I agree also Charlie Weston has done a lot to give this issue column inches.

Hopefully the central bank review will push to get the other edge cases resolved with the various banks.


----------



## Mr Holmes (4 Mar 2016)

There appears to be somewhat of a change in mindset from the Financial Services Ombudsmans Office, that may be persuading the banks, that coming clean, is the way to go.


----------



## PaddyW (4 Mar 2016)

Well done Padraic


----------



## Black_Adder (4 Mar 2016)

I endorse the comments regarding Padraic Kissane that Bronte espoused elegantly.
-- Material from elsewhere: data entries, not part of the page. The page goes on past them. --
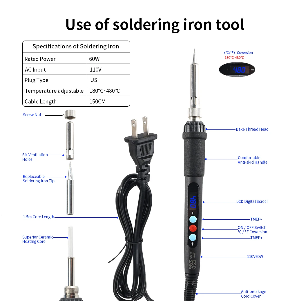 2) Cuando el soldador eléctrico está encendido, genera altas temperaturas y es fácil de quemar, por lo que es peligroso.Preste atención a la seguridad al usarlo.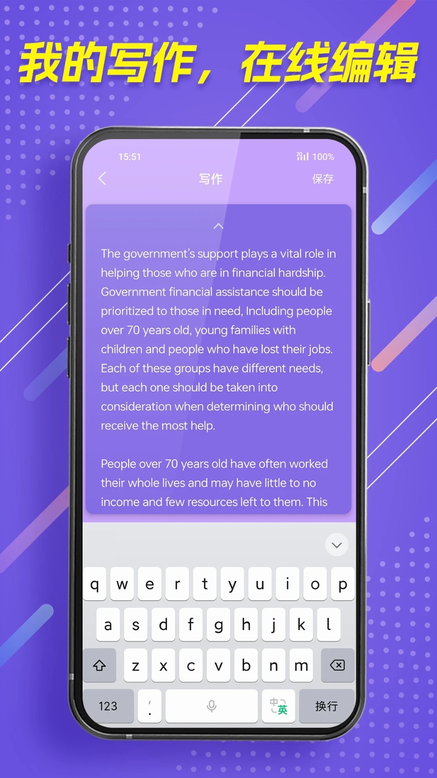 4. 智能批改:提交作文后,系统将自动进行批改,用户可在“批改报告”中查看详细反馈,并根据建议进行修改。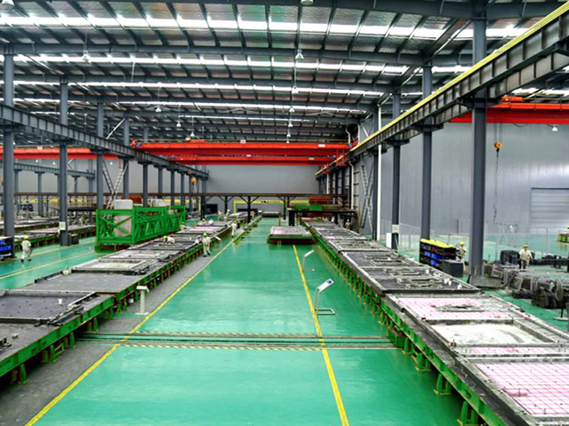 PC環(huán)形疊合板生產(chǎn)線(xiàn)采用高精度、高結(jié)構(gòu)強(qiáng)度的成型模具,經(jīng)自動(dòng)布料機(jī)把混凝土澆筑其中、振動(dòng)臺(tái)振搗后并不立即脫模,而是經(jīng)預(yù)養(yǎng)護(hù)、蒸汽養(yǎng)護(hù),使構(gòu)件強(qiáng)度滿(mǎn)足設(shè)計(jì)強(qiáng)度時(shí)才進(jìn)行拆模處理,拆模后的成品構(gòu)件運(yùn)輸至成品暫存區(qū)或室外堆場(chǎng),而空模臺(tái)沿輸送線(xiàn)自動(dòng)返回,形成自動(dòng)化環(huán)形流水作業(yè)。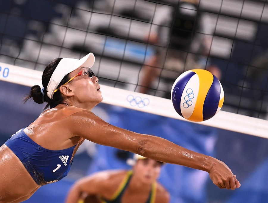 Xue Chen digs the ball during the women's beach volleyball round of 16 match against Australia at the 2020 Olympic Games in Tokyo, Japan on Aug. 1, 2021. (Xinhua/Li He)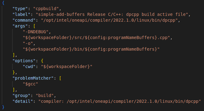 Figure 11d: DPC++ release build task for simple-add-buffer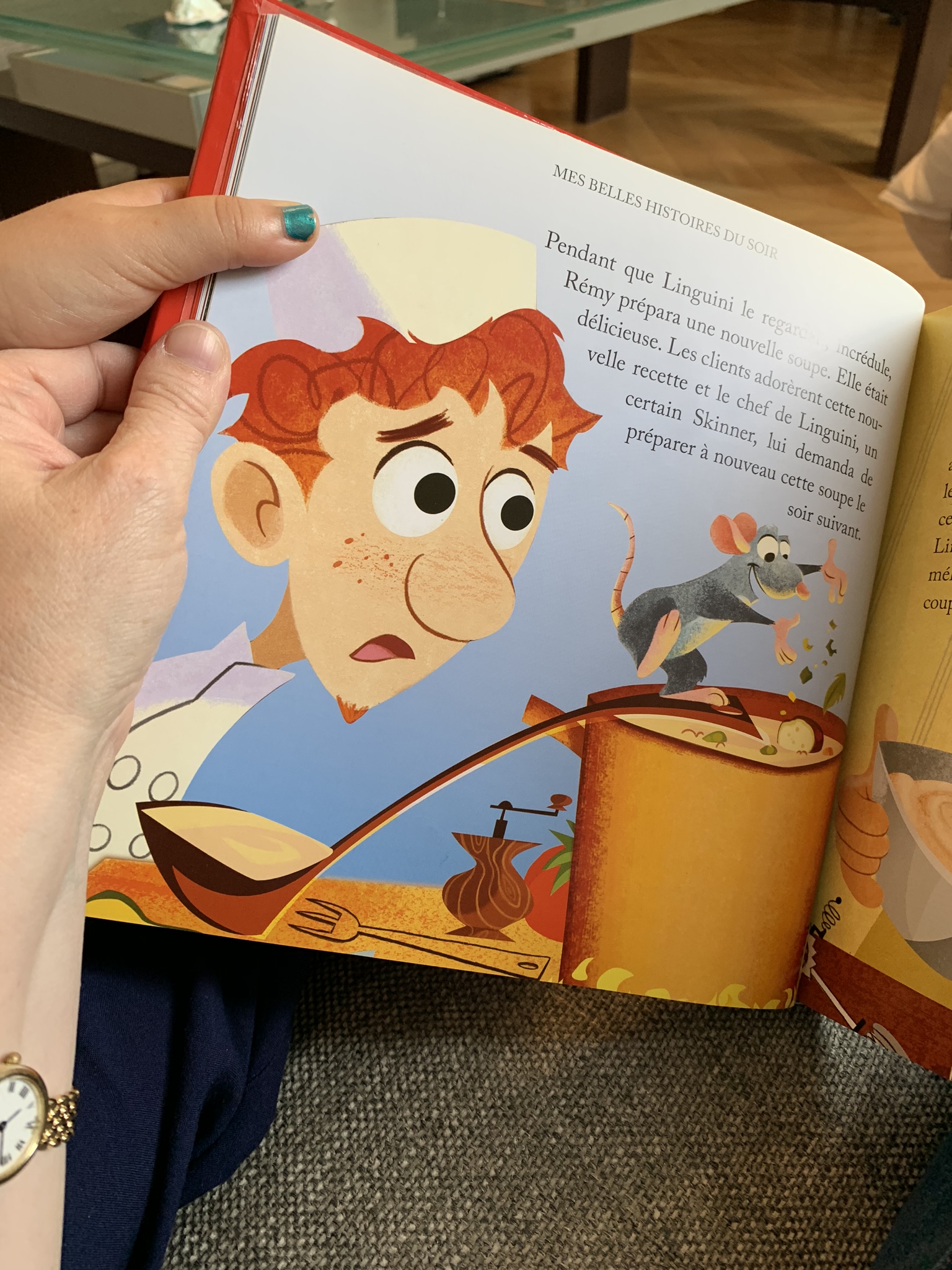 Monday was our eagerly anticipated trip to see La Grande Souris at Disneyland Paris.  My absolute favorite Pixar movie is Ratatouille, and I’d booked us a lunch at Bistro Chez Remy.  They’ve recreated the rat restaurant from the final scenes of the film, so that diners are ostensibly rat-sized, and all of the details from the human world are gigantic.  It was every bit as charming as I imagined it would be… and we had the best time!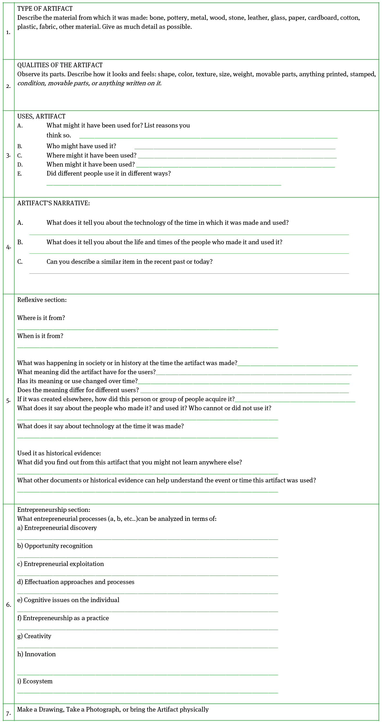 Annex A shows a proposal on what a potential analysis can be made applying ia into entrepreneurship, stating first that there is no one right way to analyze artifacts (Norum, 2008). In sections 1 through 4, the artifact is under a deep review (type, qualities, uses, and the “narrative” it can have on its embodied entrepreneurial processes). In section 5, there is a reflexive area for the researcher, in section 6 an exploration of what interpretation from the entrepreneurship standpoint it can be made as a first step towards the artifact, “creative ways they use the past to imagine the future” (Wadhwani and Lubinski, 2017, p. 11). It is included creativity, innovation since both are intertwined with entrepreneurship. Finally, section 7 is open for all the graphical or digital, or physical information to be collected.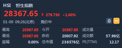 智通财经APP获悉,恒生指数开盘涨279.73点或1%,报28367.65点。国企指数涨0.97%,报11186.87点。红筹指数涨0.68%,报4531.17点。大市盘前成交37.97亿港元。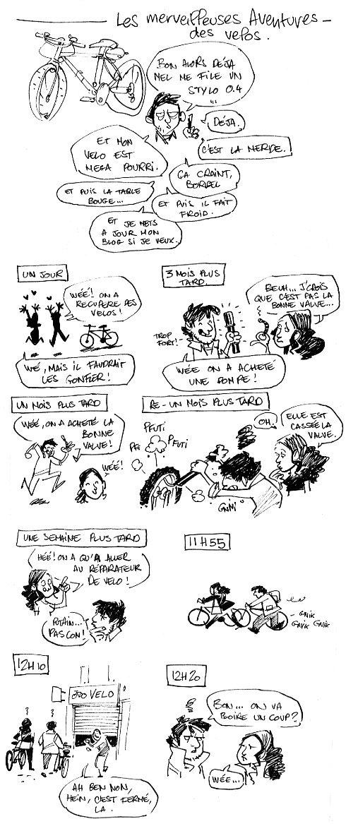 (wé, pour une fois que je peux me moquer !! Autant en dessin, je fais pas le fier, mais en vélo, j’ai un tour et demi de planète dans les pattes (dont deux passages journaliers par la place de l’étoile pendant 10 ans) et même pas mal ! Mouah ah ah ah!)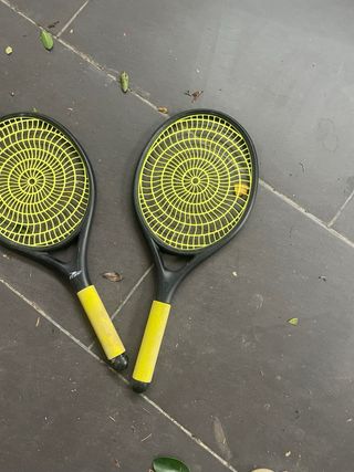 Par de raquetas de tenis para niños. Perfectas para iniciarse en el deporte. - Diseño con red amarilla. - Mangos de color amarillo.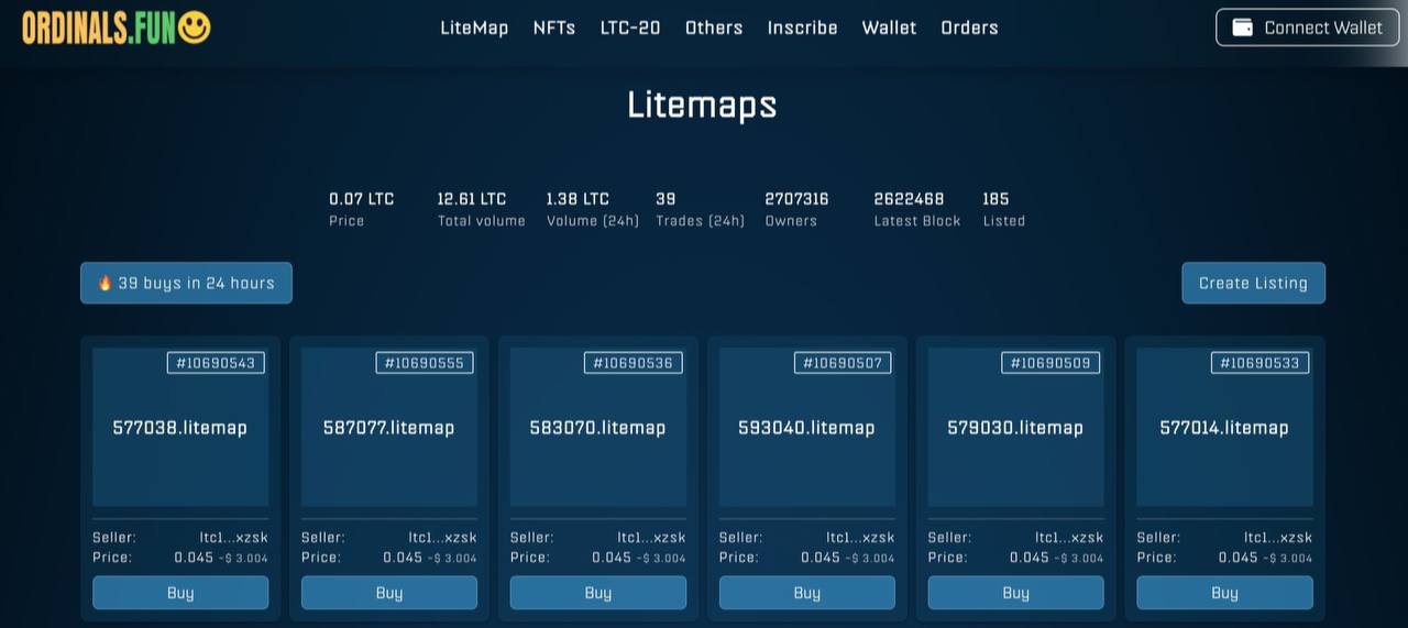 Similar to Magic Eden, a Solana NFT marketplace which launched support for Bitcoin Ordinals in March 2023, Ordinals.fun allows users to create, buy/sell Litecoin Ordinals, leveraging the surging interest.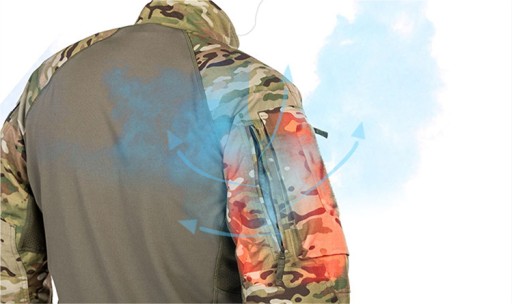 Podczas noszenia kamizelki bojowej lub noszenia w pełni załadowanego plecaka, wyjmowana wbudowana wyściółka AIR/PAC bardzo skutecznie rozkłada ciężar, zmniejsza nacisk i zapewnia komfort. W przypadku zamoczenia koszulki można wykorzystać efekt ciepła ciała i cyrkulacji powietrza do przyspieszenia schnięcia.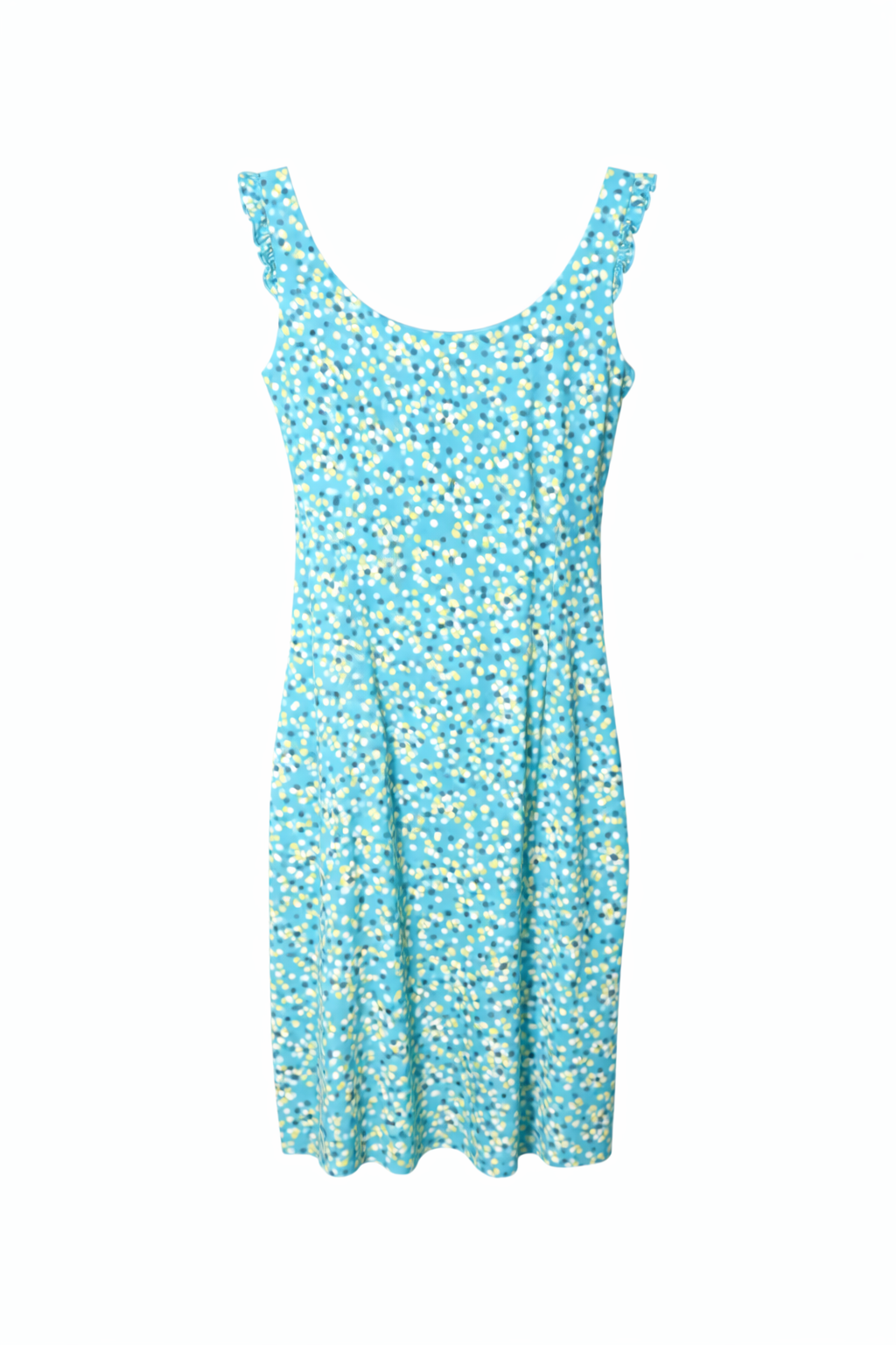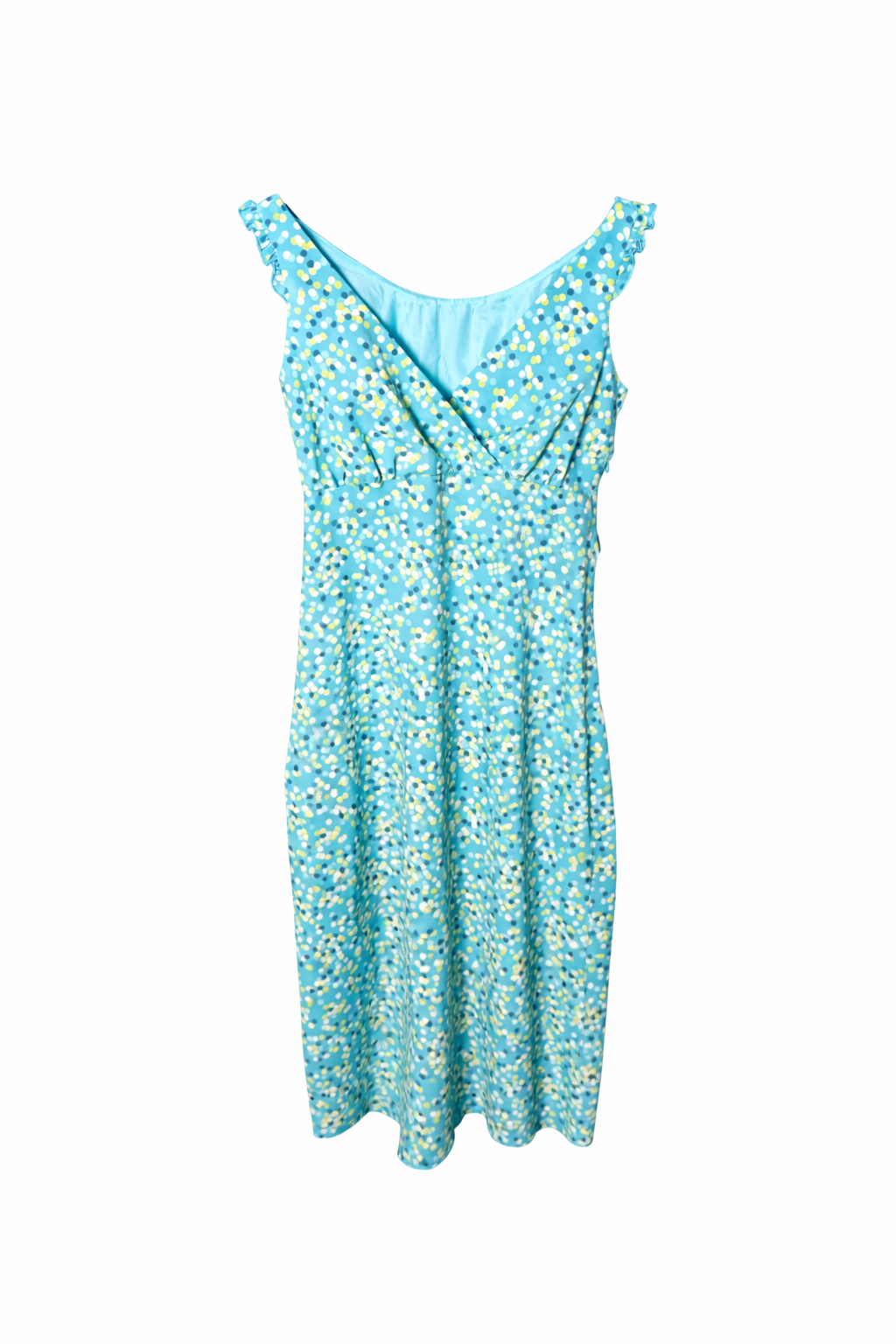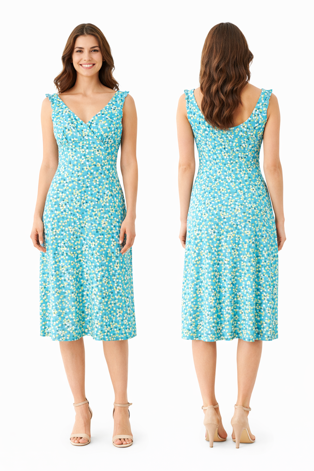 Bright, flattering, and easy to wear, this sleeveless dress from The Limited features a fresh turquoise base with a playful white and yellow dot/floral print. Designed with a feminine V-neck wrap front, ruffled shoulder straps, and a softly flared skirt, it’s a versatile piece that moves effortlessly from daytime events to casual evenings.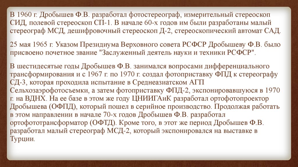 В 1960 г. Дробышев Ф.В. разработал фотостереограф, измерительный стереоскопСИД, полевой стереоскоп СП-1. В начале 60-х годов им были разработаны малый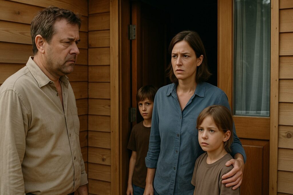 Он подошел и вошел в открытую калитку. Звонка не было. Подошел к двери — там тоже никаких кнопок не имелось, так что постучал в дверь с крайне недовольным выражением лица.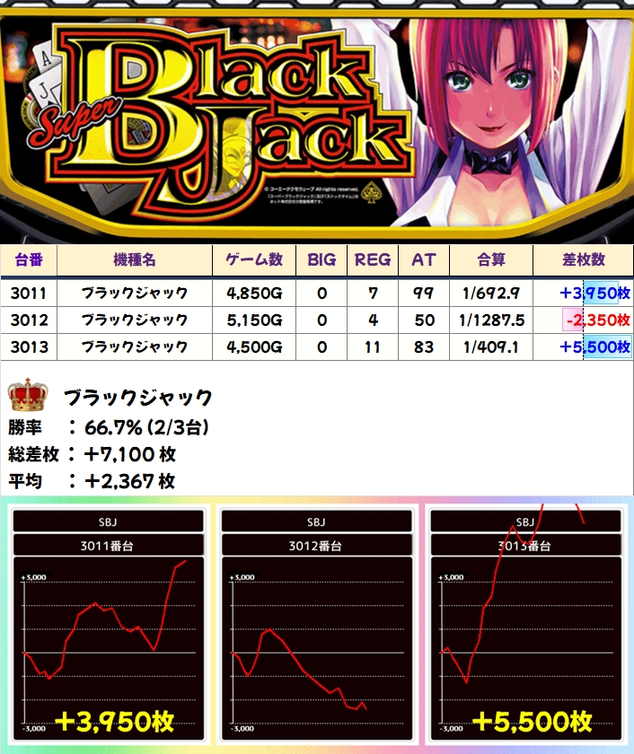 【1/2系濃厚】ブラックジャック(2/3台+)→平均+2,367枚

What I would say regarding AIB is this:
- an accounting estimate would be prudent when you are announcing bumper numbers
- this is far from any admission of liability
- this is the time to get behind the one man that has actually got this to where it is
- we still have a Central Bank who are accepting implicitly that AIB and PTSB may succeed in the 'prevailing' and 'appropriate to your balance' arguments in the Courts with a 'floodgates' defence
- we have a Central  Bank unwilling to exercise its discretion on Conduct of Banks and is hiding behind the 'framework' response due from Banks and hoping that the FSO will kick off
- the FSO have advertised for 'mediators' which I believe will delay process by months
- if the FSO has the Damascus moment (and that is not assured) then maybe the FSO will use some of the powers he has not to be tied into contract law
- AIB and PTSB will have advice on the contract between Consumer and Bank as
a Solicitor was involved could be deemed to be informed consent even if Solicitor did not know what a tracker mortgage was. [Nor it seems do the Central Bank or any of us when a shameful deceitful condition turning what should have been a tracker mortgage into a meaningless con job]
- AIB and PTSB both have done is make complete fools  of all of us
. [You will notice the Law Society are silent on Tracker Mortgages 'nothing to with us']
- So to repeat - Padraic Kissane needs support as we have a total shambles on Consumer Protection regarding Financial Services - a total utter shambles.


----------



## Mr Holmes (4 Mar 2016)

Yes, the Central Bank like to hide behind section 33(AK) of the Central Bank Act 1942, when confronted with consumer protection issues and decisions to be made.


----------



## Sligolive (4 Mar 2016)

Black adder is right that Pauric Kissane needs support representing disadvantaged tracker mortgage holders collectively. Perhaps there is a case for Pauric to be funded by way of a contribution by all affected bank customers across all banks. Divided we fail.


----------



## MAX01 (4 Mar 2016)

Sligolive said:


> Black adder is right that Pauric Kissane needs support representing disadvantaged tracker mortgage holders collectively. Perhaps there is a case for Pauric to be funded by way of a contribution by all affected bank customers across all banks. Divided we fail.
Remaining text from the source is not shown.